The idea, to paraphrase Willie Sutton, is that wealthy taxpayers are where the money is.
Or, we should say, where the money used to be. As state governments are discovering, their projections for the flood of cash that would pour into the public coffers from the wealthy are proving to be overly optimistic.
New York's governor said this week that revenue from the income-tax increases and other taxes enacted in April–the millionaire's tax central among them-are running about 20% less than anticipated.
So far this year, only half of about $1 billion in expected revenue from New York's 100 richest taxpayers has come in. The state budget office attributes the shortfall in large part to the losses by the rich during the recession.
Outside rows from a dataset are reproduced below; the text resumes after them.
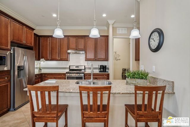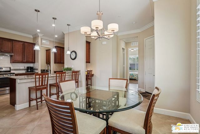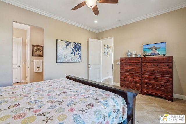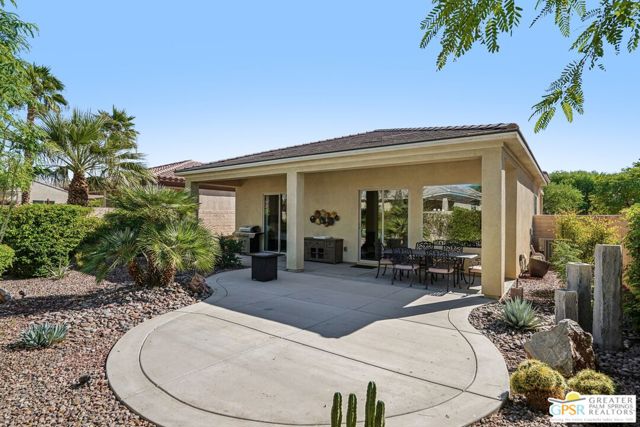 Leave the winter weather behind and enjoy the Sun Filled Days of Sun City Shadow Hills! This Turnkey Furnished Embark Model shows off a smart open floor plan with bedrooms at opposite ends- perfect for 2 couples, guests, caretaker or family visitors. The kitchen is a delight for any chef with stainless steel appliances, tall custom cabinetry, abundant granite counters, convenient pantry, and a breakfast bar. A separate inside laundry room with full cabinetry is adjacent. Crown molding adorns the tall ceilings in every room. The light and bright Great Room is flooded with natural sunlight. A Glass Slider extends space to the very private rear yard. An oversized patio cover provides comfort and shade. Easy-care landscaping, interesting desert botanical specimens, and additional extended decking complete the rear garden. The spacious Primary Suite features a bath with a dual vanity, separate water closet, and a spacious clothes closet. An additional glass slider from the Primary Suite transitions the indoor space seamlessly to the exterior space. Ceiling Fans throughout add to comfort. Plantation Shutters create sophistication and charm. The Direct Entry Garage is 22 feet deep. It's a lifestyle, not just a home. Amenites include countless social clubs, classes, golf, tennis, pickle ball, bocce ball, fitness centers, billiards, a library, spas, and several pools. Residentsnts have access to 2 golf courses. One is a challenging 18-hole Par 3 golf course, designed by Lee Schmidt and Brian Curley.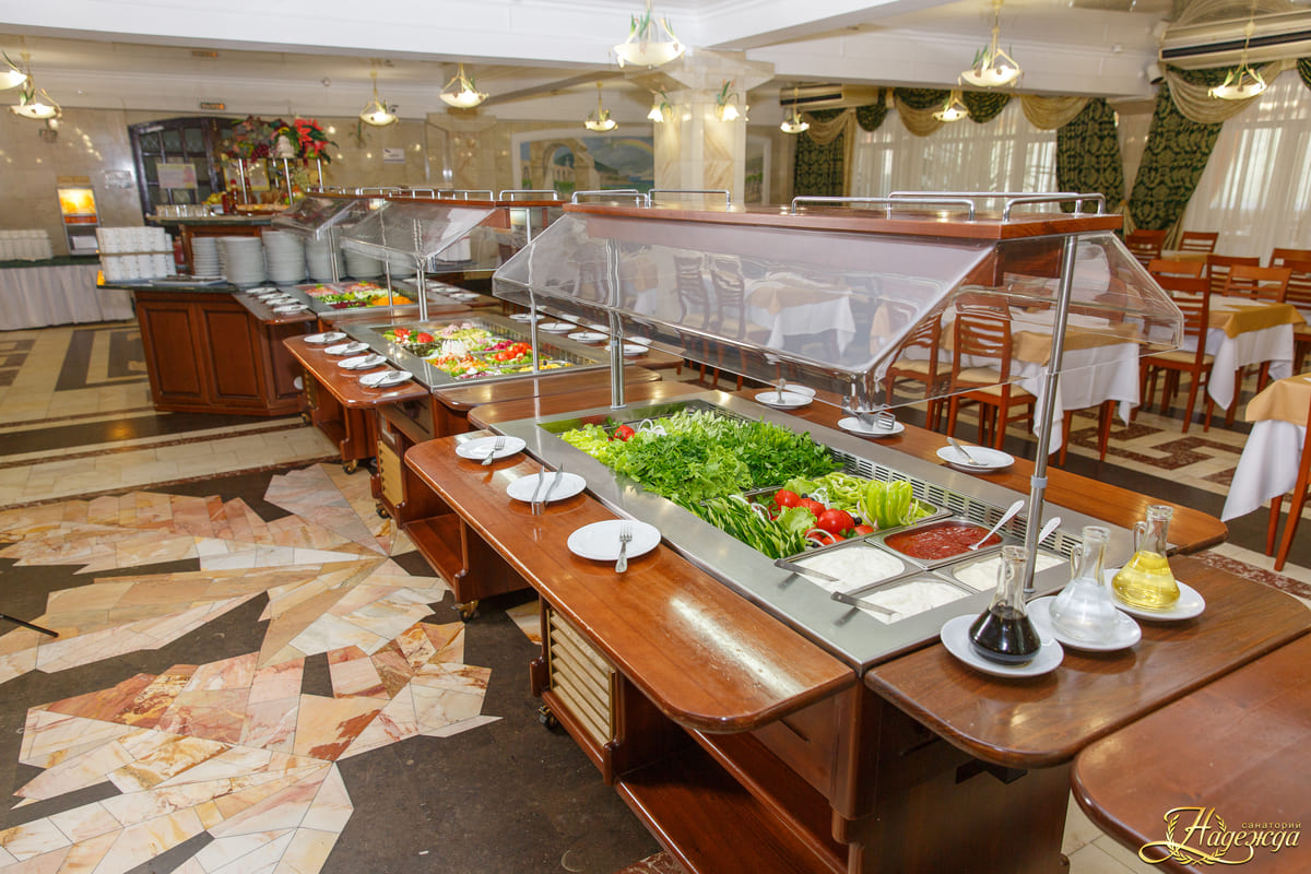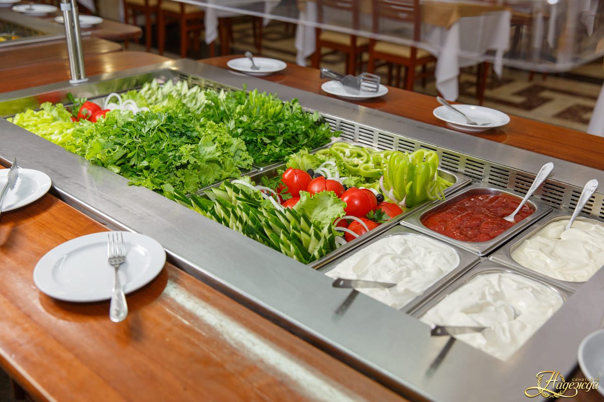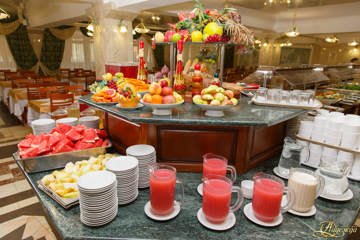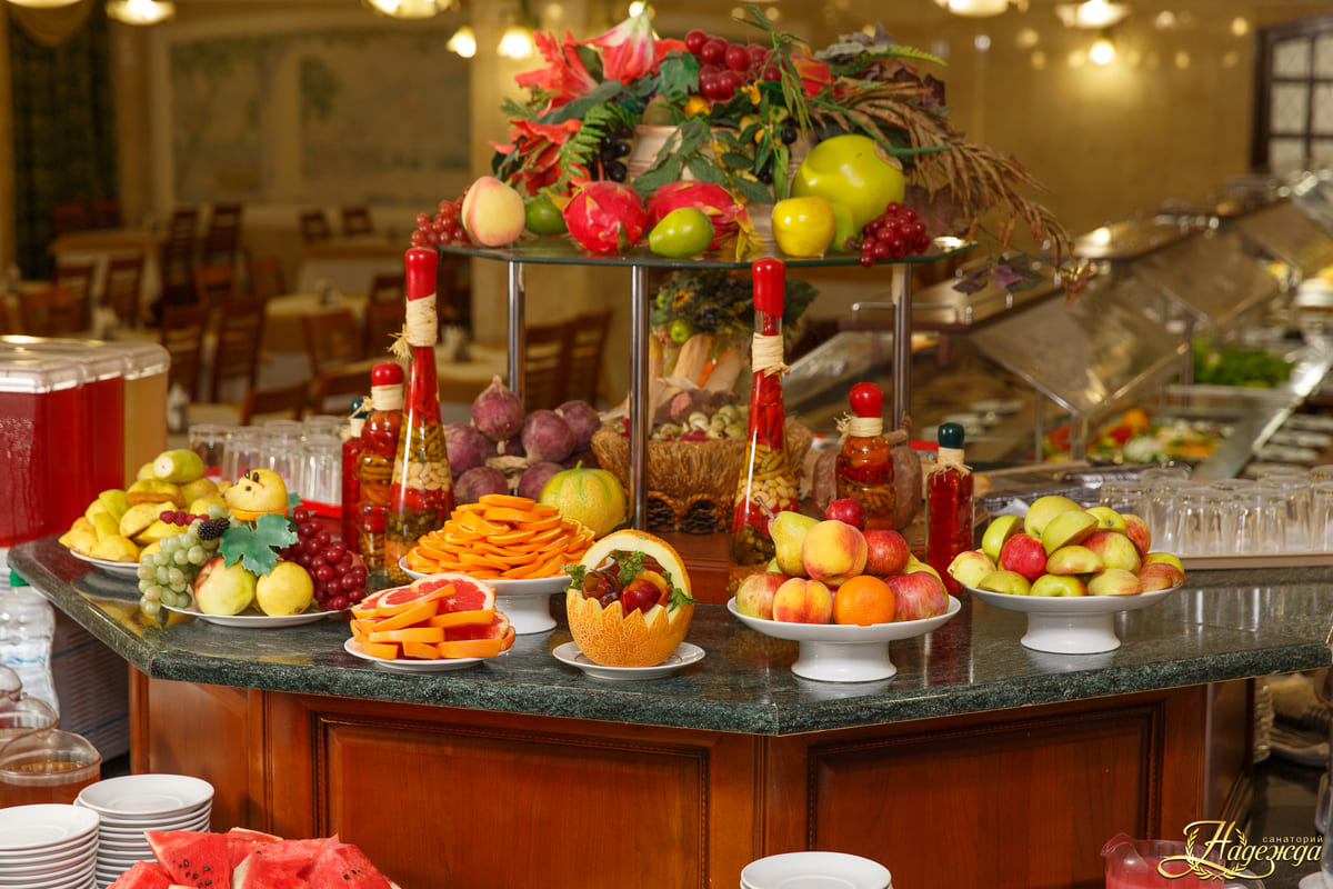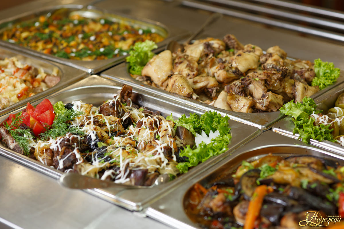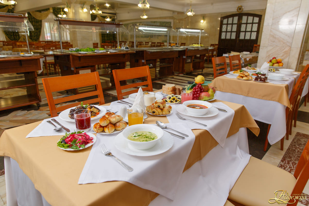 На территории комплекса функционирует столовая с 3-разовым питанием — завтрак, обед, ужин. Для детей разработано особое меню.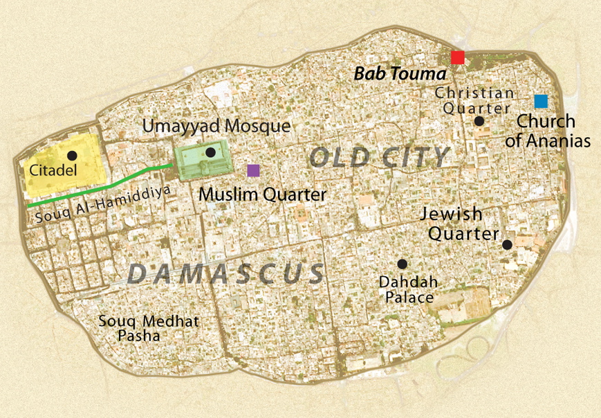 Damaszkusz ősi városa, melyet az ókorban csak Shámnak neveztek, feltehetőleg a világ legrégebb óta folyamatosan lakott települése. I.e. 4000 körül már lakták, de csak az i. e. 2. évezred folyamán vált jelentős kereskedelmi központtá. Hol Egyiptom,  hol Mitanni fennhatósága alatt állt, majd a hettita befolyás után önállóságra tett szert, mígnem az asszírok kiterjesztették rá hatalmukat. A várost Kr. e. 38-ban szerezték meg a rómaiak, később (661-től) az  Arab Birodalom fővárosa lett. A későbbiekben még sokszor cserélt birtokost. Óvárosa a szíriai háború mindennapossá vált bombatámadásaiban megrongálódott.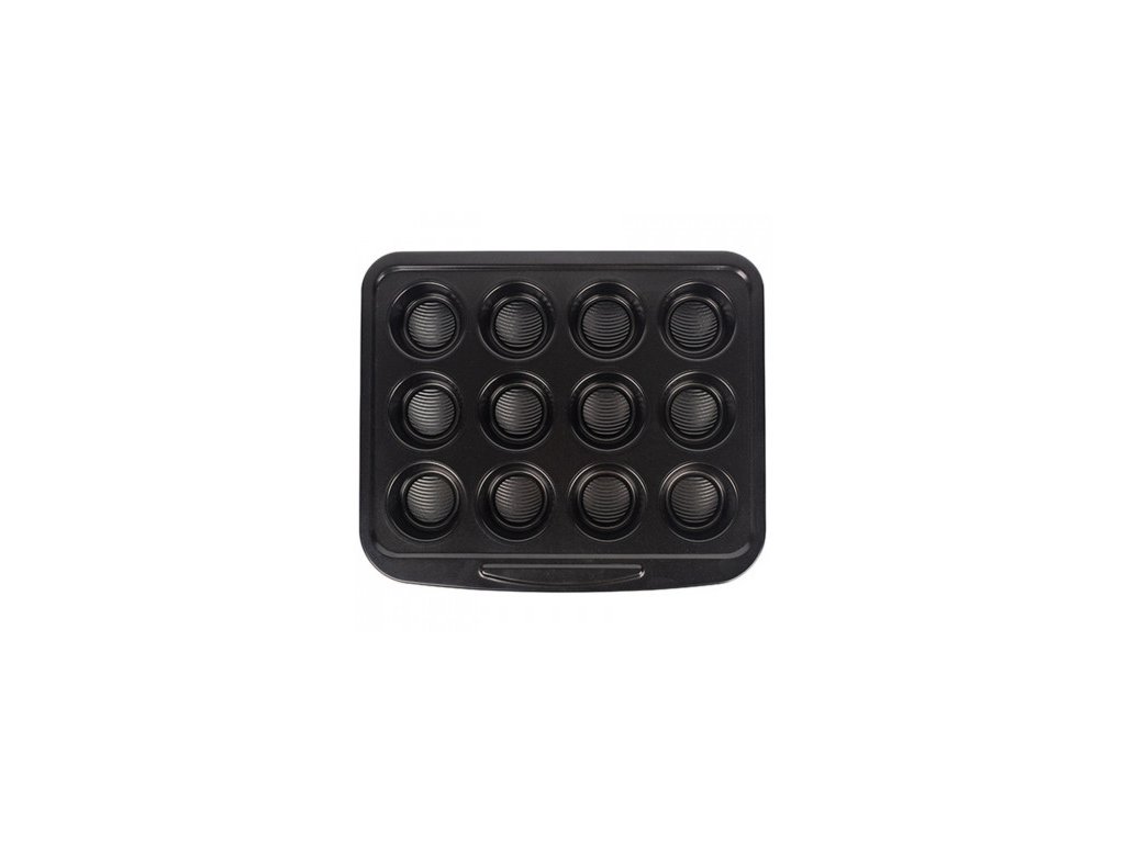 - Forma na muffiny Masterpro / 12 kusov / 37,2 x 31,4 x 3,3 cm / uhlíková oceľ / čierna

Some have attributed the shortfall to wealthy New Yorkers who have fled the state because of the millionaire's tax. And there surely might be some of those.
But I would be more likely to agree with the state budget office: the rich aren't paying as much in taxes because they are less rich.
This sounds obvious. But rest assured, states will be shocked, shocked at the end of this year and early next that their revenue from the rich are falling short of projections. And that should be a lesson to Washington as it proposes higher taxes on the wealthy.
In the end, governments will have three choices when they discover the shortfall: raise taxes on the wealthy even more, raise taxes on everyone else, or cut spending.
How do you think they should make up the inevitable shortfall from taxing the wealthy? Or will there be shortfalls?